Task details -
Begin with the line below holding "Я пока стабильно" and go on through the line holding "Warigiding village has", duplicating each line exactly and leaving out pictures.

(Saved entries)
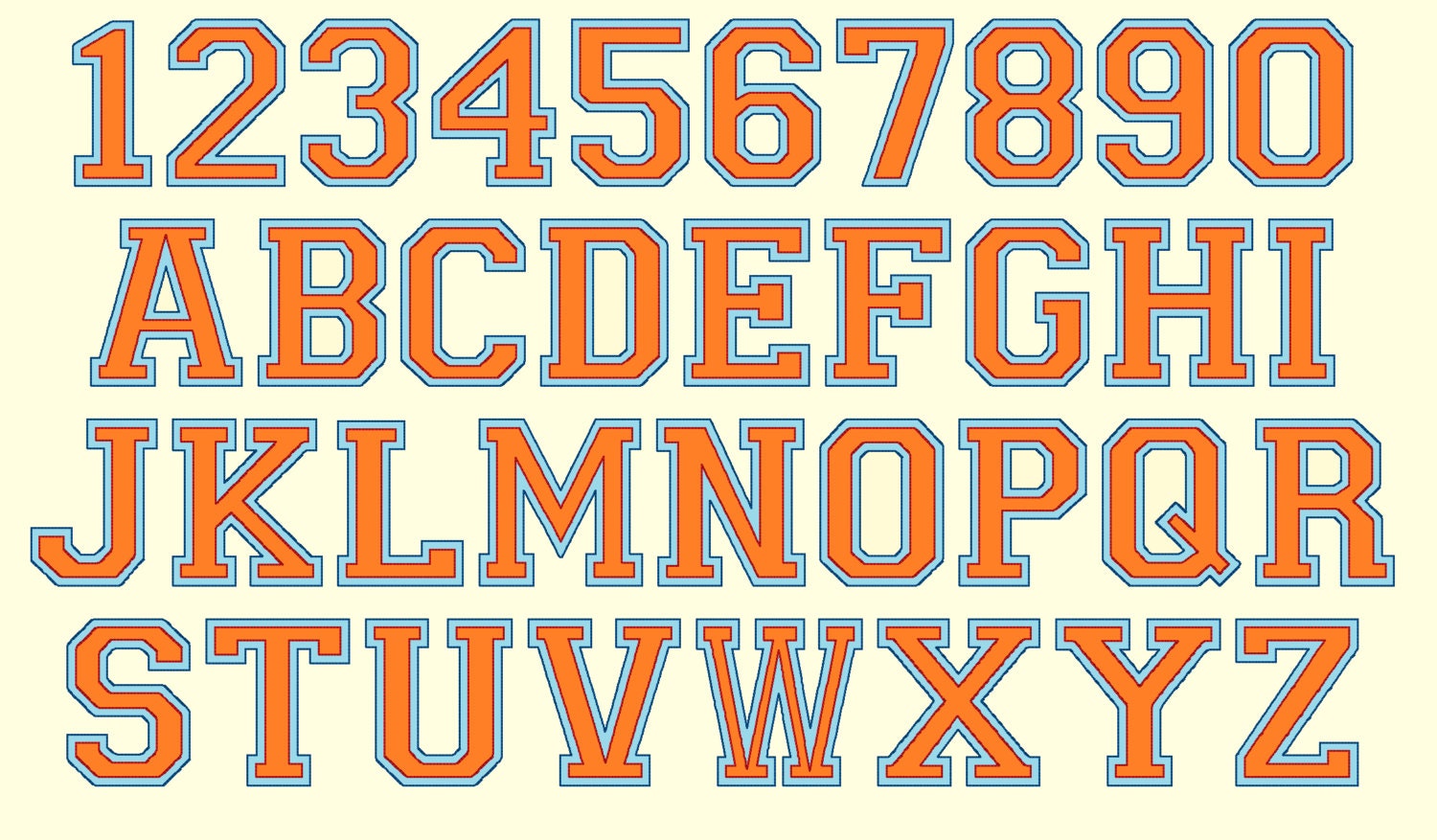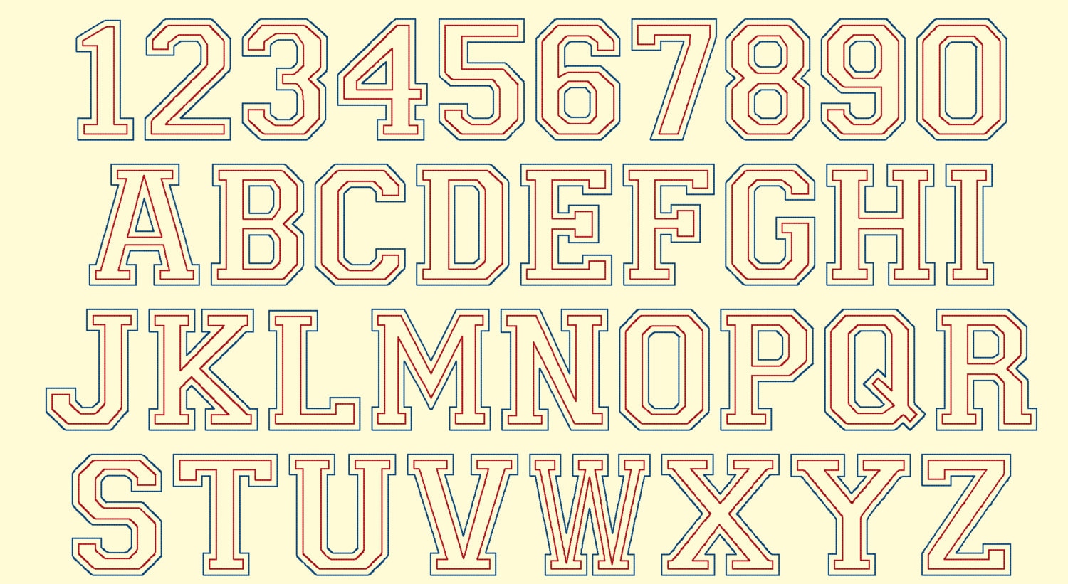 Athletic Sport collegiate Team Players embroidery bean-stitch font bean-stitch outline designs Numbers and Capital letters
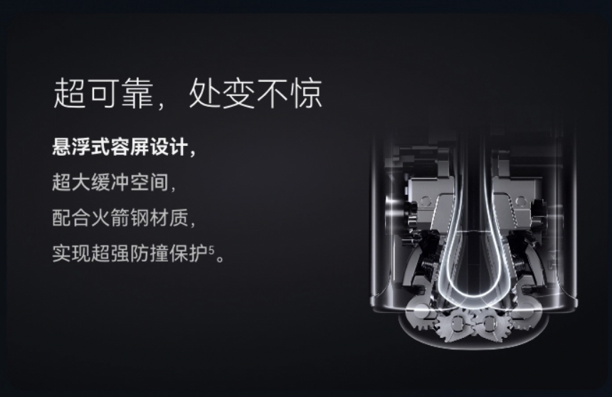 玄武水滴铰链的优势还不止于此,由于其采用业界独有的自研悬浮式容屏设计,并且引入了超强火箭钢材质,因此它的强度相较于上一代也有了显著提升,达到了20%,并且抗跌能力也因此提升了112%。
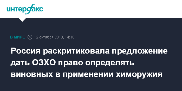 Россия раскритиковала предложение дать ОЗХО право определять виновных в применении химоружия
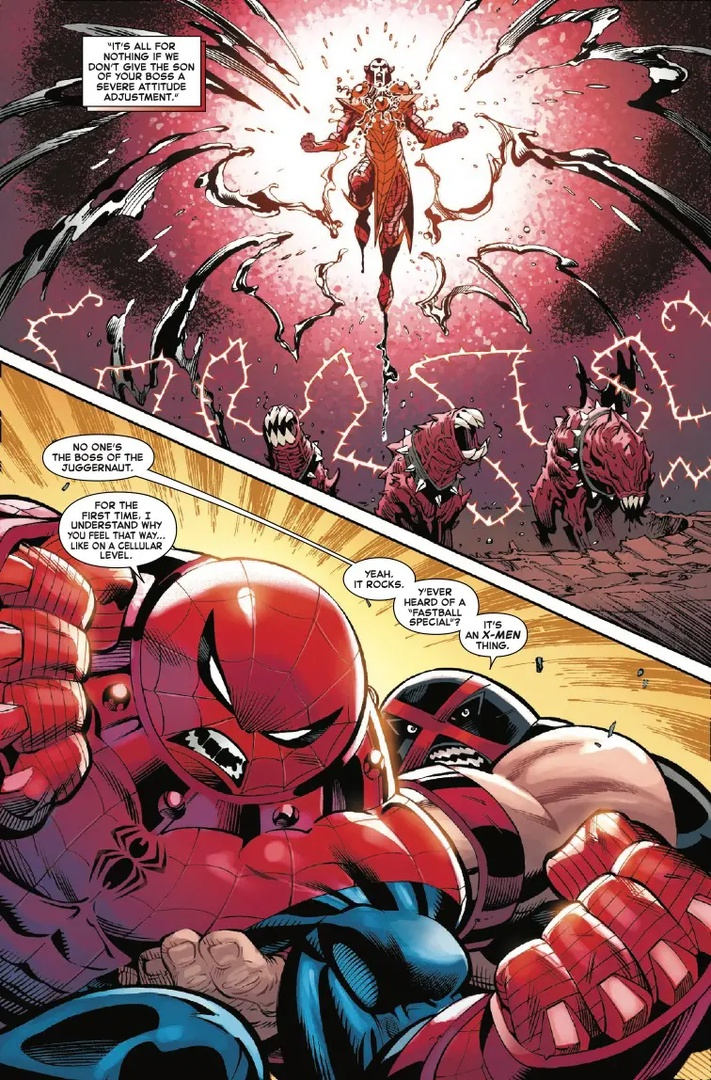 Я пока стабильно слежу за Incredible Hulk, Daredevil, Ultimate Spider-Man/X-Men и нового Venom. Халк неплох, возвращение к хорорачу Юинга пошла на пользу (хотя я не из тех, кто плюётся от прошлого рана со Спейсшип Хулком, это было весело, да и зубастые ёбла Стегмана хорошо подходили этой вакханалии). Дардевил Ахмеда, честно скажу, так себе. Не плохо, не здорово, на контрасте со Здраски особенно. Но опять же, по инерции, оставшейся с чтения рана Здарски сойдёт.
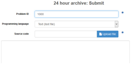 Figure 2. Typical interface to upload a problem solution in an online judge. - The judge automatically indicates whether the solution is correct or not. If not, classifies the failure mainly in Wrong Answer, Time limited exceeded or Runtime Error, allowing new solution attempts to the same problem.
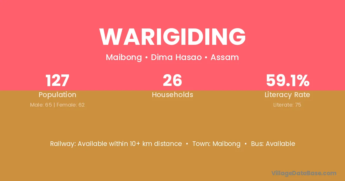 Warigiding village has a total population of 127 people, of which 65 are males and 62 are females.
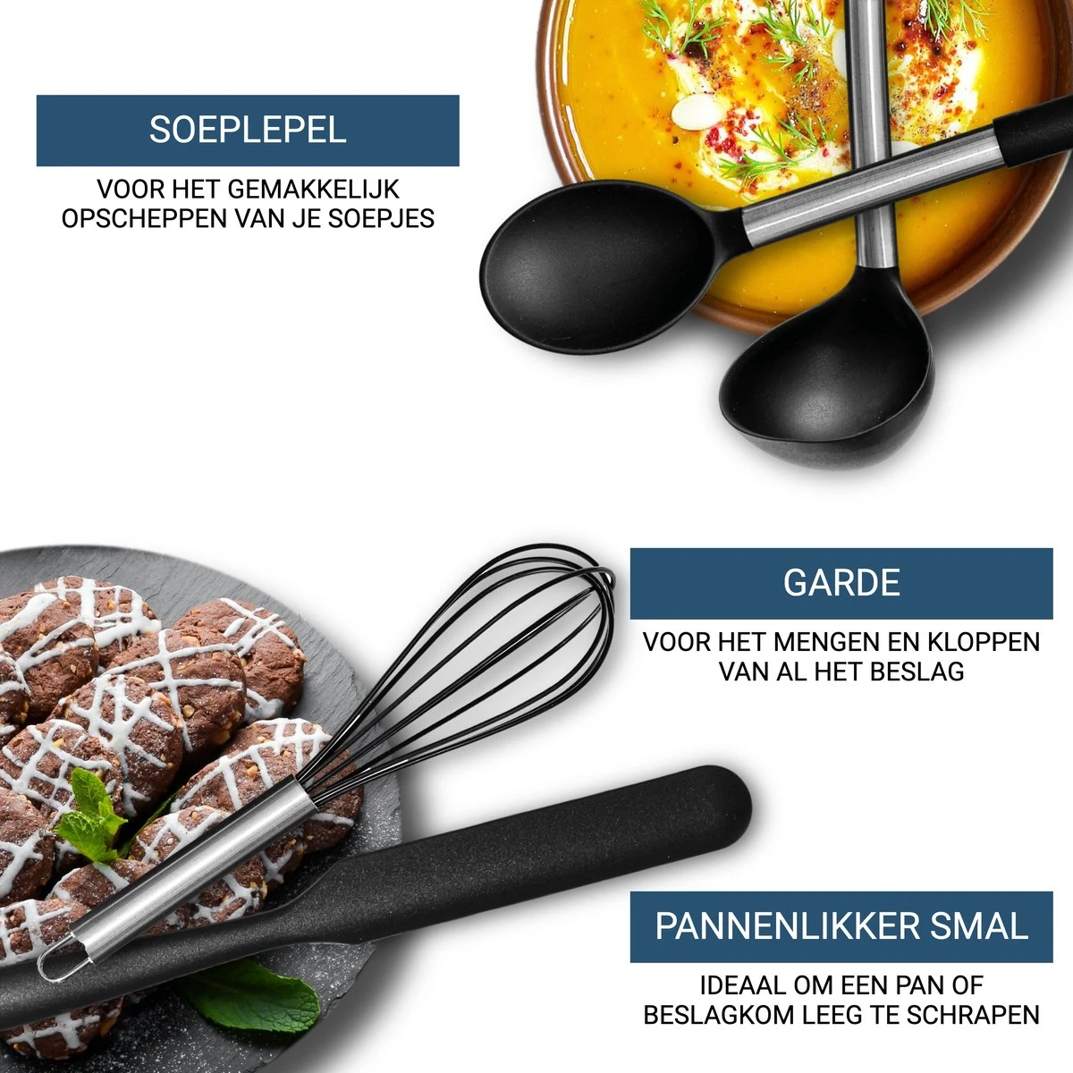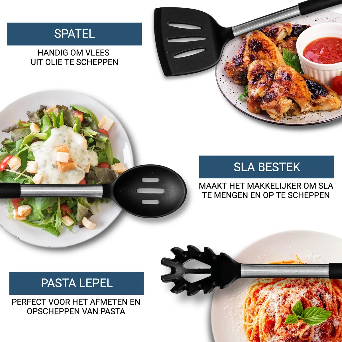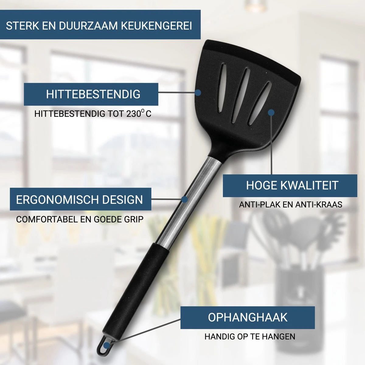 De keukengerei set is zeer geschikt voor pannen met anti aanbak laag. Het kookgerei is hittebestendig tot 250 graden Celsius en heeft een antiplak functie, waardoor jouw eten niet aan het kookgerei blijft plakken. Hierdoor wordt het opscheppen van eten een stuk makkelijker. De gehele set is ophangbaar en ook makkelijk op te bergen in een keukenla of kast. Onze kookgerei set is BPA-, Latex- en Plasticvrij, waardoor dit kookgerei geen schadelijke effecten heeft op jouw gezondheid.
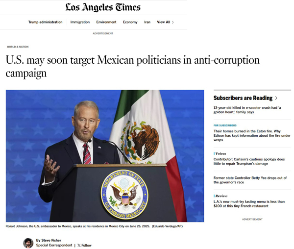 La versión en inglés de la nota de Steve Fisher en Los Ángeles Times sobre la corrupción de MORENA
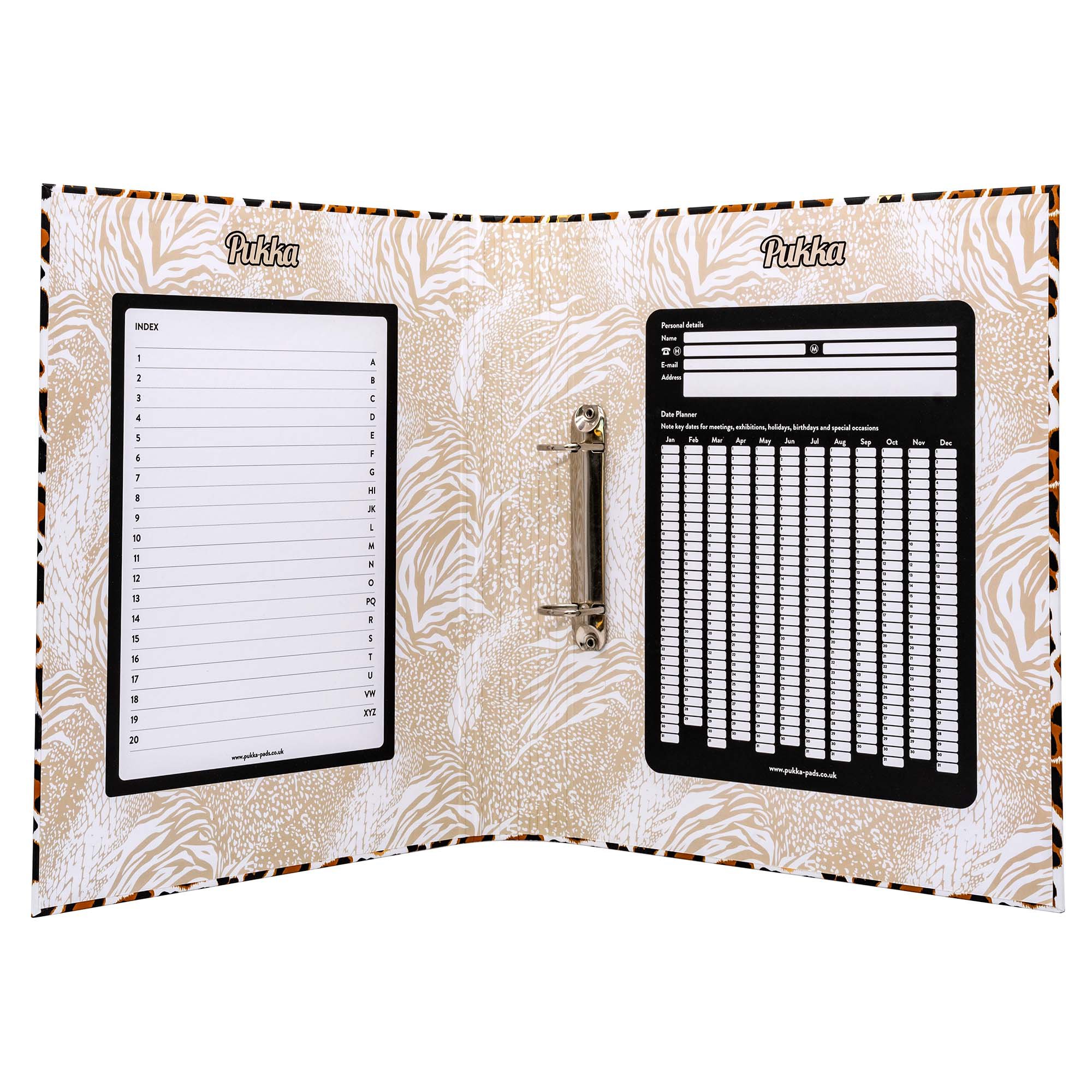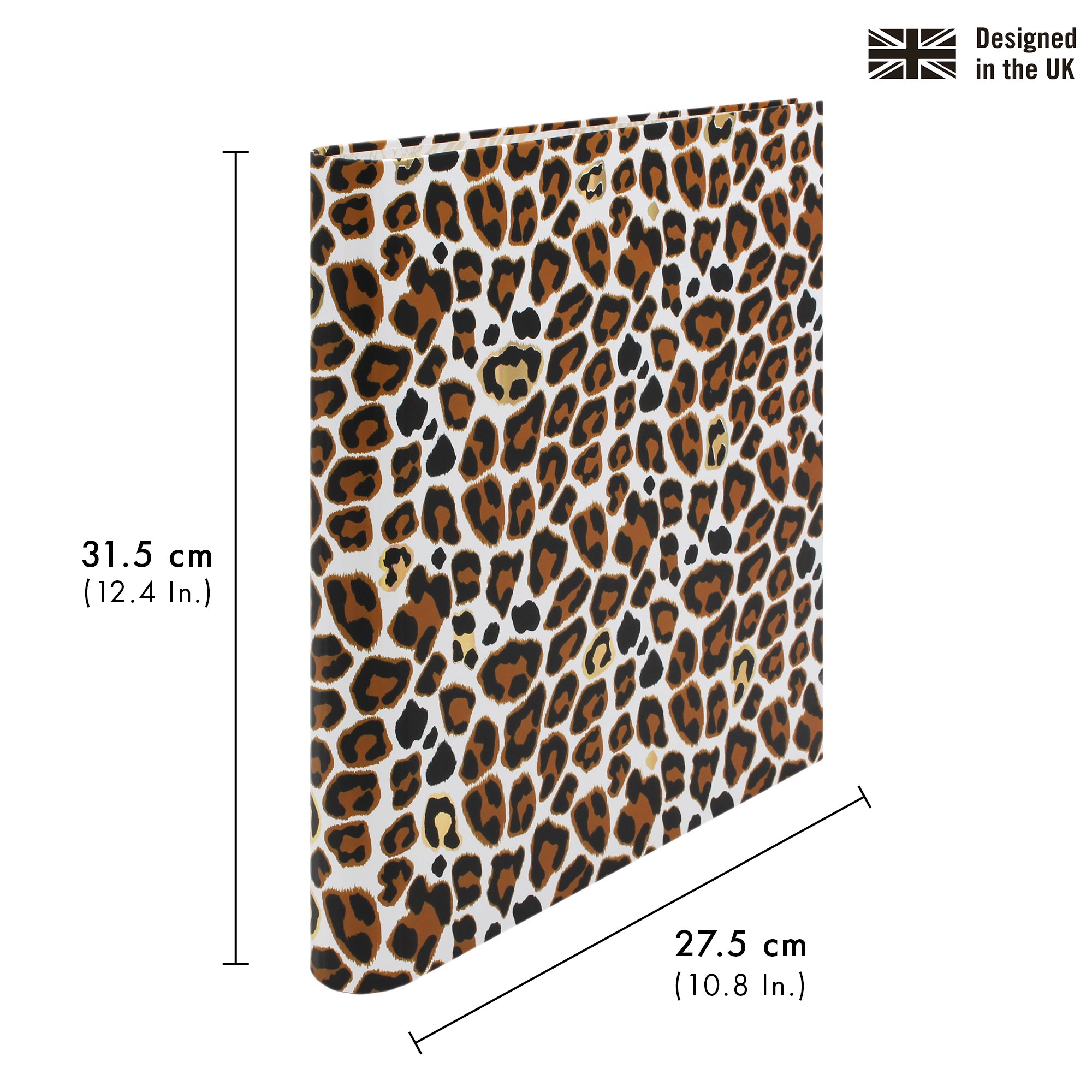 Release your inner wild side with our brand new range of fierce animal print stationery. Our Wild A4 rollbound file is ideal for filing and storing A4 documents and papers securely. The filing system ensures that your workspace is clutter-free and still looks great! The Wild rollbound ring binder measures 275mm x 315mm and is perfect for storing A4 documents like school revision notes or work files. It also features a standard D-ring mechanism and includes a pre-loaded 5-part Wild divider set. The pre-loaded 5 assorted subject dividers are excellent for organising your paperwork and projects. They are made from 250GSM board and are 11-hole punched and are already loaded into the Wild leopard print ring binder. Our Wild range would be perfect as a gift for a stationery lover or why not treat yourself, €˜cause why not?

Answer to this task -
 Я пока стабильно слежу за Incredible Hulk, Daredevil, Ultimate Spider-Man/X-Men и нового Venom. Халк неплох, возвращение к хорорачу Юинга пошла на пользу (хотя я не из тех, кто плюётся от прошлого рана со Спейсшип Хулком, это было весело, да и зубастые ёбла Стегмана хорошо подходили этой вакханалии). Дардевил Ахмеда, честно скажу, так себе. Не плохо, не здорово, на контрасте со Здраски особенно. Но опять же, по инерции, оставшейся с чтения рана Здарски сойдёт.
 Figure 2. Typical interface to upload a problem solution in an online judge. - The judge automatically indicates whether the solution is correct or not. If not, classifies the failure mainly in Wrong Answer, Time limited exceeded or Runtime Error, allowing new solution attempts to the same problem.
 Warigiding village has a total population of 127 people, of which 65 are males and 62 are females.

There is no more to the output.